Our client, a leading Software, Information and Communication Technologies company, operates internationally (Athens, Brussels, Luxembourg, Copenhagen, Stockholm, London, Nicosia, Hong-Kong, Valetta, etc). Our client is a renowned supplier of IT services to government institutions, multinational corporations, public administrations and multinational companies, research and academic institutes.
Role Overview
Our client currently has a vacancy for a Data Engineer Expert fluent in English, to offer his / her services as an expert who will be based in Luxembourg. The work will be carried out either in the company’s premises or on site at customer premises. In the context of the first assignment, the successful candidate will be integrated in the Development team of the company that will closely cooperate with a major client’s IT team on site.
Job type : Full time / Permanent
Location : Luxembourg
Workplace : Onsite
Please note that we can consider only EU candidates for this position due to security clearance.
Requirements
- University degree in Data Science or relevant discipline, combined with minimum 10 years of relevant working experience in IT;
- At least 10 years of experience with relational and analytical databases, including Microsoft SQL Server, Oracle, PostgreSQL, and Amazon Redshift;
- At least 10 years of experience in SQL / SQL-PL for data querying, transformation, and optimisation.
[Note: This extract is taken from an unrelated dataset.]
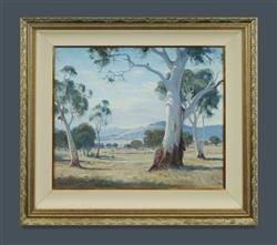 LONG, Leonard (1911-2013) 'Pheasant Gully - Sheep Country,' 1959. Signed lower left.; old label verso. Oil on Canvas on Board 49x59cmEstimate $600-900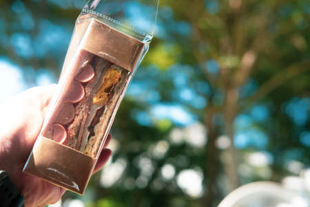 Cheesecake dessert with brown chocolate cookies in cup, at cafe.

- At least 10 years of experience in the use of the Microsoft Office Suite (Word, Excel, PowerPoint);
- At least 7 years of experience leading Business Intelligence (BI) development initiatives;
- At least 7 years of experience in the design and implementation of data marts;
- At least 7 years of experience implementing database synchronisation tools developed in PL / SQL for Oracle;
- At least 5 years of experience with cloud-based data integration and analytics solutions on Microsoft Azure, including Azure Data Factory, Azure Synapse Pipelines and / or Fabric, Azure Synapse Analytics, Azure Data Warehouse, Azure Synapse Apache Spark Pools, Azure Data Lake Storage Gen2, and Azure Stream Analytics;
- At least 5 years of experience with Microsoft Power BI, including data modelling using M and calculations using DAX;
- At least 5 years of experience using Python, particularly notebooks for data analysis and processing;
- At least 4 years of experience with ETL and analytical solutions, including Microsoft SSIS and SSAS (multidimensional and tabular);
- At least 4 years of experience in Azure Data Warehouse (DWH) implementation;
- At least 4 years of hands-on experience with Microsoft SQL Server Management Studio (SSMS) and Oracle Developer;
- At least 2 years of experience with enterprise reporting and analytics tools, such as Qlik Sense, Tableau, and SQL Server Analysis Services (SSAS);
- At least 2 years of experience working with Confluence and JIRA in agile or structured project environments;
- At least 1 year of experience with network topology concepts, including TCP / IP, load balancers and proxy servers;
- At least 1 year of experience applying Business Intelligence solutions to process-driven applications;
- Excellent command of the English language.
Responsibilities
Provide technical consultancy for Data Engineering initiatives across multiple projects;Lead and contribute to Business Intelligence (BI) implementation projects on Microsoft Azure, ensuring robust and scalable solutions;Analyse, design, and implement cloud-based data architectures, including data ingestion, storage, processing, and security components on Azure;Manage, monitor, and optimise data ingestion pipelines, data storage solutions, and data processing workflows;Develop and maintain data platforms, ensuring data quality, security, and regulatory adherence;Draft, review, and maintain technical, functional, and non-functional specifications in close collaboration with Enterprise Architecture and Operations teams;Actively participate in technical working groups and project meetings, collaborating with developers, project teams, stakeholders, and both technical and non-technical users;Communicate complex technical concepts clearly to non-expert audiences, supporting alignment between business and technical teams.